The information set out below, which is extracted from the Report and Accounts, is included in this announcement for the sole purpose of complying with Disclosure and Transparency Rule 6.3.5 and the requirements it imposes on issuers as to how to make annual financial reports public.  It should be read in conjunction with the Company's preliminary results announcement, released on 10 March 2020 (the "Preliminary Results Announcement").  This material is not a substitute for reading the full 2019 annual report and accounts. Page numbers and cross-references in the extracted information below refer to page numbers and cross-references in the Report and Accounts.

 

Directors' responsibility statement

 

The following statement is extracted from page 127 of the Report and Accounts. This statement is repeated here solely for the purposes of complying with Disclosure and Transparency Rule 6.3.5. This statement relates to and is extracted from the Annual Report and Accounts. It is not connected to the extracted information presented in this announcement or in the Preliminary Results Announcement.

 

'Directors' Responsibility Statement

The Directors are responsible for preparing the Annual Report and Accounts, the Directors' Remuneration Report and the Financial Statements in accordance with applicable laws and regulations.

 

Company law requires the Directors to prepare Financial Statements for each financial year. Under that law, the Directors have prepared the Group and parent Company Financial Statements in accordance with International Financial Reporting Standards (IFRS) issued by the International Accounting Standards Board (IASB) and as adopted by the European Union (EU). Under company law, the Directors must not approve the Financial Statements unless they are satisfied that they give a true and fair view of the state of affairs of the Group and the Company and of the profit or loss of the Group and Company for that period.

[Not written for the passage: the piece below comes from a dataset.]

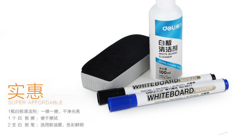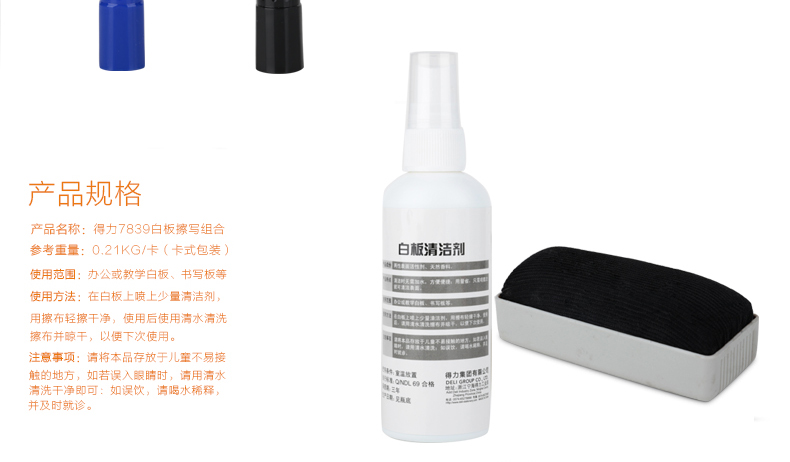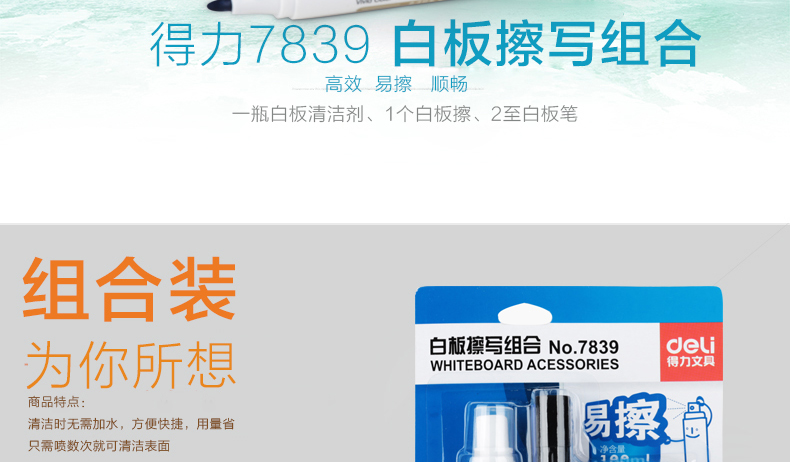 商品名称:得力(deli)7839 白板擦写组合 (清洗剂+板擦+白板笔) (计价单位:套)
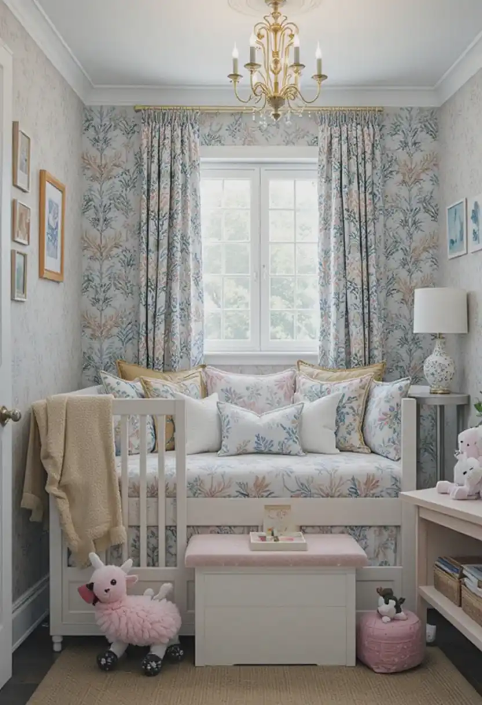 4. Stylish Nursery Room with Statement Wallpaper

In preparing these Financial Statements, the Directors are required to:

-  select suitable accounting policies and then apply them consistently;

-  make judgements and accounting estimates that are reasonable and prudent;

-  state whether applicable IFRS issued by the IASB and adopted by the EU have been followed, subject to any material departures disclosed and explained in the Financial Statements; and

-  prepare the Financial Statements on the going concern basis unless it is inappropriate to presume that the Company will continue in business.

 

The Directors are responsible for keeping adequate accounting records that are sufficient to show and explain the Company's transactions and disclose with reasonable accuracy at any time the financial position of the Group and Company and enable them to ensure that the Financial Statements and the Directors' Remuneration Report comply with the Companies Act 2006 and, as regards the Group Financial Statements, Article 4 of the IAS Regulation. They are also responsible for safeguarding the assets of the Company and Group and hence for taking reasonable steps for the prevention and detection of fraud and other irregularities.

 

The Directors are responsible for the maintenance and integrity of the Company's website (www.cairnenergy.com). Legislation in the United Kingdom governing the preparation and dissemination of Financial Statements may differ from legislation in other jurisdictions.

 

Following careful review and consideration of the Cairn Energy PLC Annual Report and Accounts 2019 (the "Accounts"), the Directors consider that the Accounts, taken as a whole, are fair, balanced and understandable and provide the information necessary for shareholders to assess the Group's performance, business model and strategy.

 

Directors' Statement Pursuant to the Disclosure and Transparency Rules

 

Each of the Directors, whose names and functions are listed in the Board of Directors section on pages 74 and 75, confirm that, to the best of their knowledge:

-  the Group Financial Statements, which have been prepared in accordance with IFRS as adopted by the EU, give a true and fair view of the assets, liabilities, financial position, and loss of the Group and loss of the Company; and

-  the Strategic Report section on pages 2 to 71 of this document includes a fair review of the development and performance of the business and the position of the Group, together with a description of the principal risks and uncertainties that it faces.'

 

The names of the directors who have given this responsibility statement are:

 

Ian Tyler (Non-Executive Chairman)

Todd Hunt (Non-Executive Director)

Keith Lough (Non-Executive Director)

Peter Kallos (Non-Executive Director)

Nicoletta Giadrossi (Non-Executive Director)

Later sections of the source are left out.